Fabrication of rewritable paper

A 7 × 5 cm piece of regular paper was placed in a glass Petri dish containing a solution of 37 mg (0.010 mmol) of 5⊂4 in 4 mL of water. After 12 h, the blue-colored paper was removed from the Petri dish and dried overnight in a vacuum desiccator: it became pale yellow (near colorless). The ink reservoir of a fountain pen was emptied and washed with pure water until all the dye was washed away. The pen’s ink reservoir was filled with distilled water and then used to write on the “rewritable paper”.

Fabrication of the photoresponsive agarose gel

One gram of agarose (CAS # 9012-36-6, biotechnology grade, Amresco product # 0710) was added to an Erlenmeyer flask containing 50 mL of distilled water. The mixture was heated in a microwave oven until water started to boil. After an additional 3 min, heating was discontinued and the flask was removed from the oven.

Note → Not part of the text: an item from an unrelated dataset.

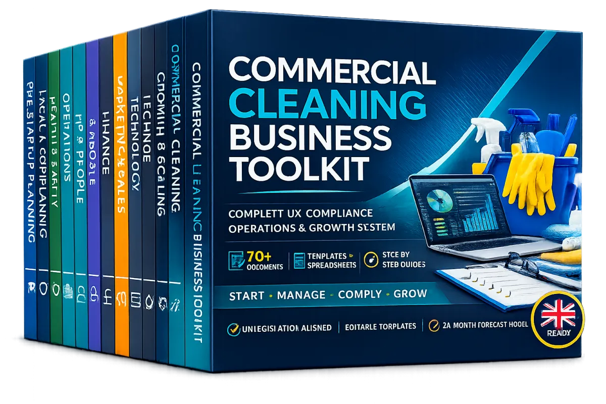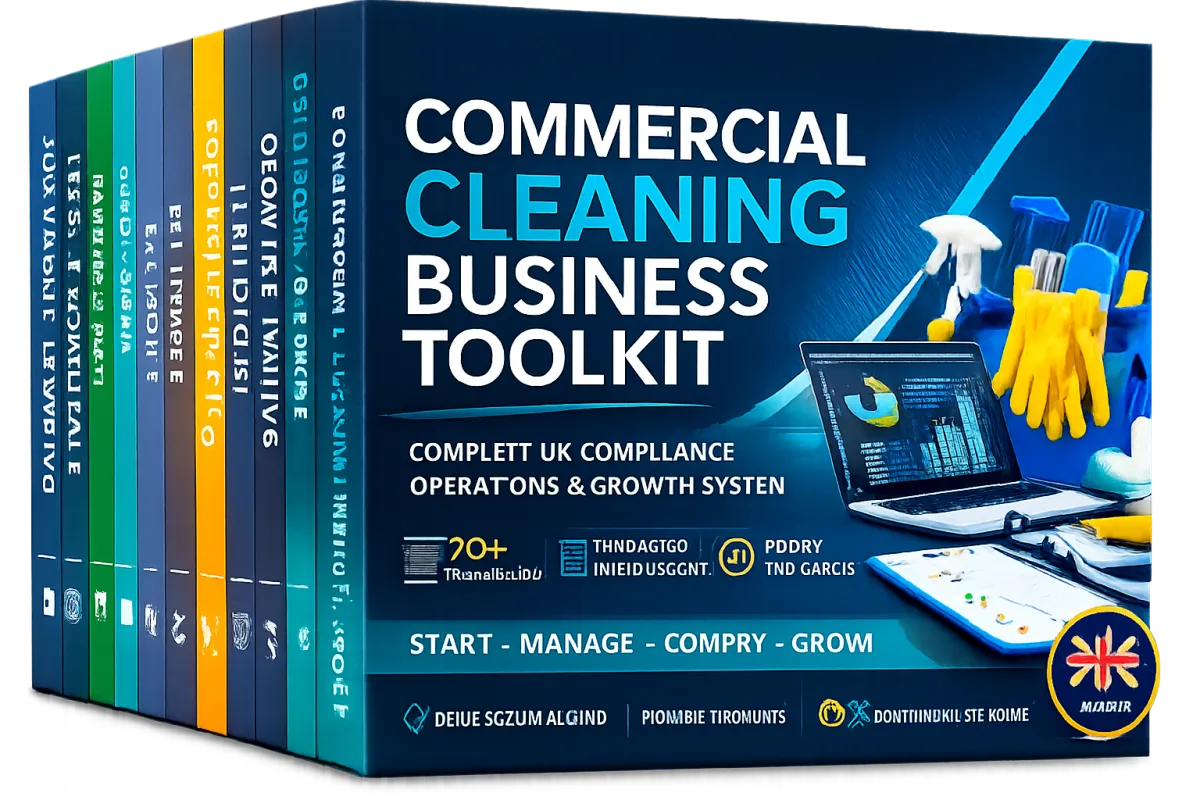 The Cleaning Business Toolkit gives you every document, template, spreadsheet and the system you need to launch and run a UK commercial cleaning company. Not generic business templates. Not American compliance guides. Every file is written for UK regulations, UK terminology, and the commercial cleaning industry specifically.

The resulting colorless, homogeneous solution was poured while hot between two glass slides separated by a 1 mm spacer. After having been cooled to room temperature, a 5 × 4 × 0.1 cm piece of solidified agarose gel was placed in a Petri dish containing a solution of 26.9 mg (0.008 mmol) of 5⊂4 in 7.0 mL of distilled water for 30 min. Finally, the gel was briefly rinsed with water.

Data availability

The X-ray crystallographic coordinates for structures reported in this article have been deposited at the Cambridge Crystallographic Data Centre (CCDC), under deposition number CCDC 1551434 and 1551437 for compound 4 and 5⊂4 respectively. These data can be obtained free of charge from the Cambridge Crystallographic Data Centre via www.ccdc.cam.ac.uk/data_request/cif. All relevant data supporting the findings of this study are available from the corresponding authors on request.

Author contributions

R.K. and D.S. conceived the experiments. D.S. synthesized and characterized all compounds and inclusion complexes and developed rewritable paper and gel. D.G. performed computer simulations under the supervision of P.K. D.S. and J.G. prepared single crystals for X-ray diffraction. L.J.W.S. and Y.D.-P. collected X-ray diffraction data from the crystals and solved the crystal structures together with D.S. L.A. provided assistance with the NMR experiments. All authors participated in discussions. R.K. wrote the manuscript with contributions from all authors.

Competing interests

The authors declare no competing financial interests.